Segment Start: MATERIAL PROVIDED

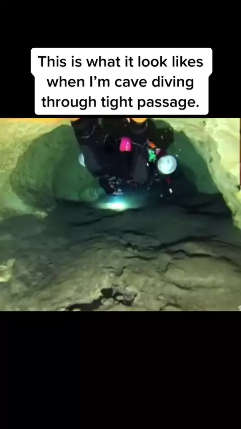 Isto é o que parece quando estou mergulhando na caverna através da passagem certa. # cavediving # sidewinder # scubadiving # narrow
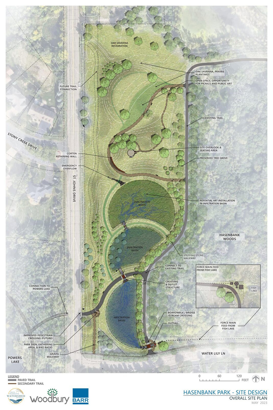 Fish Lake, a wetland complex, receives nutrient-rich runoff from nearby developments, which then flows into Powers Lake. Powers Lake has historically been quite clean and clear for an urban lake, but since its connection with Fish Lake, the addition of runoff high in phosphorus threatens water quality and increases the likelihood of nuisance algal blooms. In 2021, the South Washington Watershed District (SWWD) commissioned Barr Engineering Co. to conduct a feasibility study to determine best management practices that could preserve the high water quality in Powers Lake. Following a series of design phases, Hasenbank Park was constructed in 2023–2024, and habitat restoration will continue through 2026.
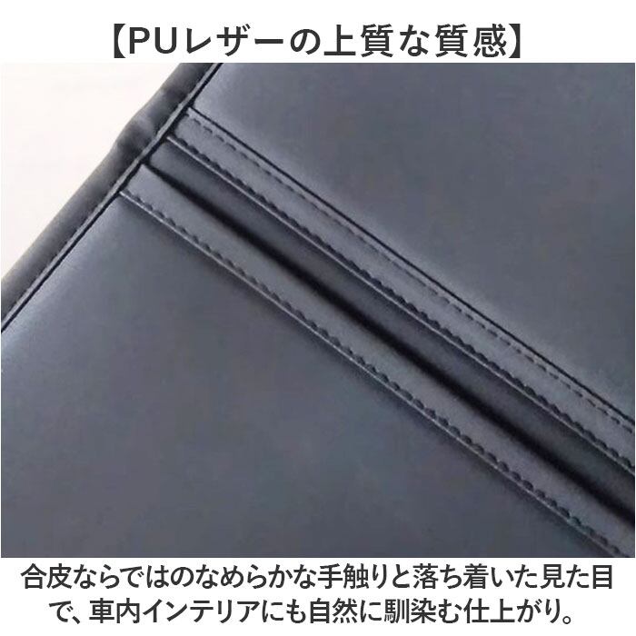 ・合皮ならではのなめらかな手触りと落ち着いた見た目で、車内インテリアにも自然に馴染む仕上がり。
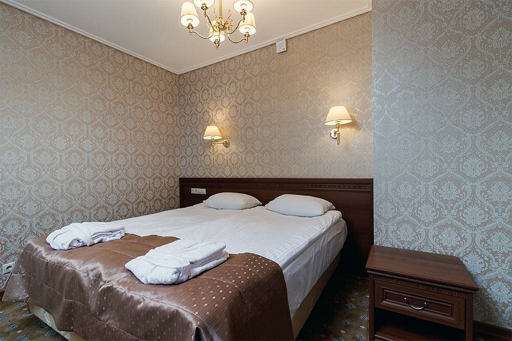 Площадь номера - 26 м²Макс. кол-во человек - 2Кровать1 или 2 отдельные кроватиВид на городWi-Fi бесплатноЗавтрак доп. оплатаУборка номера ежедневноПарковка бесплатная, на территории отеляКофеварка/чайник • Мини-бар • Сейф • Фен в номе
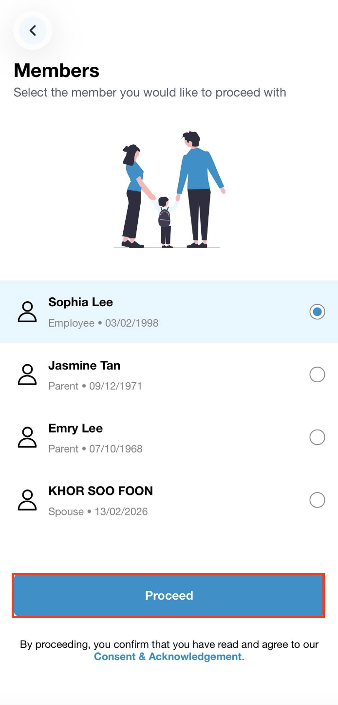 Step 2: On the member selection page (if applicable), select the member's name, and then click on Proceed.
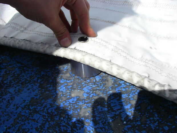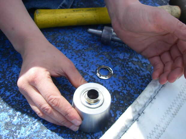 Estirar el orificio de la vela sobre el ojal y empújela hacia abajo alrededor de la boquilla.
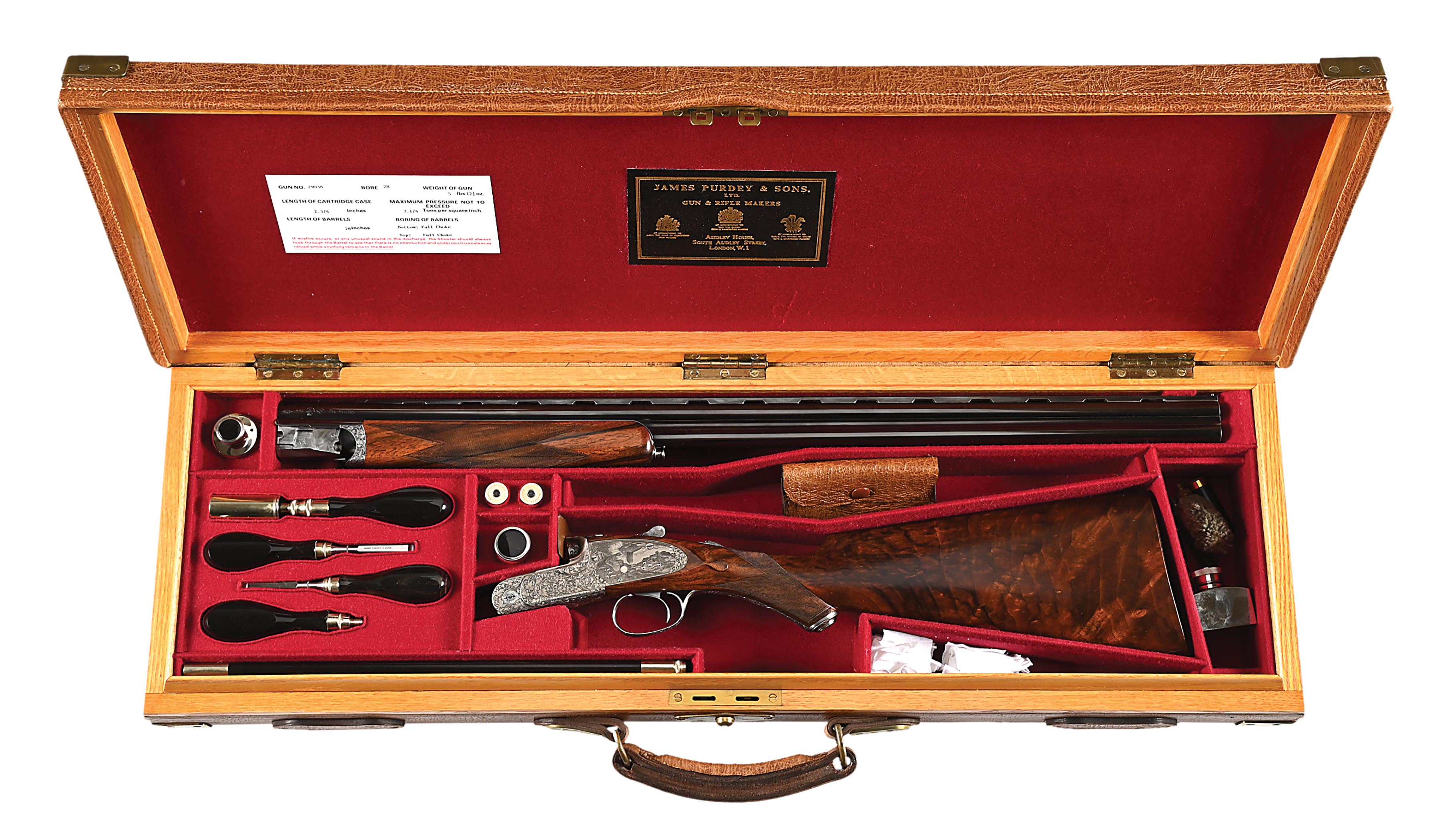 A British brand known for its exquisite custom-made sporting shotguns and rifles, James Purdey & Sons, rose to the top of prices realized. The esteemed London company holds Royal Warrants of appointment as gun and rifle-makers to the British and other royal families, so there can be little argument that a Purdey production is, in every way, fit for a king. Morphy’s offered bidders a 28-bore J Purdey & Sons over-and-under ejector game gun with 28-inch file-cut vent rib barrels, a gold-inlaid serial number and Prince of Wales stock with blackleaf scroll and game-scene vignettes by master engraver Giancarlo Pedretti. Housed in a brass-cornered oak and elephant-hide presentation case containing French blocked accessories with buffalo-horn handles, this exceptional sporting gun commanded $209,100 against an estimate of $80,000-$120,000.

Segment End: MATERIAL PROVIDED
Segment Start: MATERIAL PROVIDED

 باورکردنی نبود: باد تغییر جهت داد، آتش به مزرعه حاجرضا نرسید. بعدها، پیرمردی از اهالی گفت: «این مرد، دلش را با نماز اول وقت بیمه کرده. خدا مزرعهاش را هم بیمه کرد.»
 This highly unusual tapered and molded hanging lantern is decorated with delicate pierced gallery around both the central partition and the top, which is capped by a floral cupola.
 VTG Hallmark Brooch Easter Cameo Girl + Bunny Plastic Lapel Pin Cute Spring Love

Segment End: MATERIAL PROVIDED

## ASSIGNED TASK:
From the records above, transcribe without alteration every line from the one with "باورکردنی نبود: باد" to the one with "VTG Hallmark Brooch", inclusive.

## SOLUTION TO THE EXERCISE:
 باورکردنی نبود: باد تغییر جهت داد، آتش به مزرعه حاجرضا نرسید. بعدها، پیرمردی از اهالی گفت: «این مرد، دلش را با نماز اول وقت بیمه کرده. خدا مزرعهاش را هم بیمه کرد.»
 This highly unusual tapered and molded hanging lantern is decorated with delicate pierced gallery around both the central partition and the top, which is capped by a floral cupola.
 VTG Hallmark Brooch Easter Cameo Girl + Bunny Plastic Lapel Pin Cute Spring Love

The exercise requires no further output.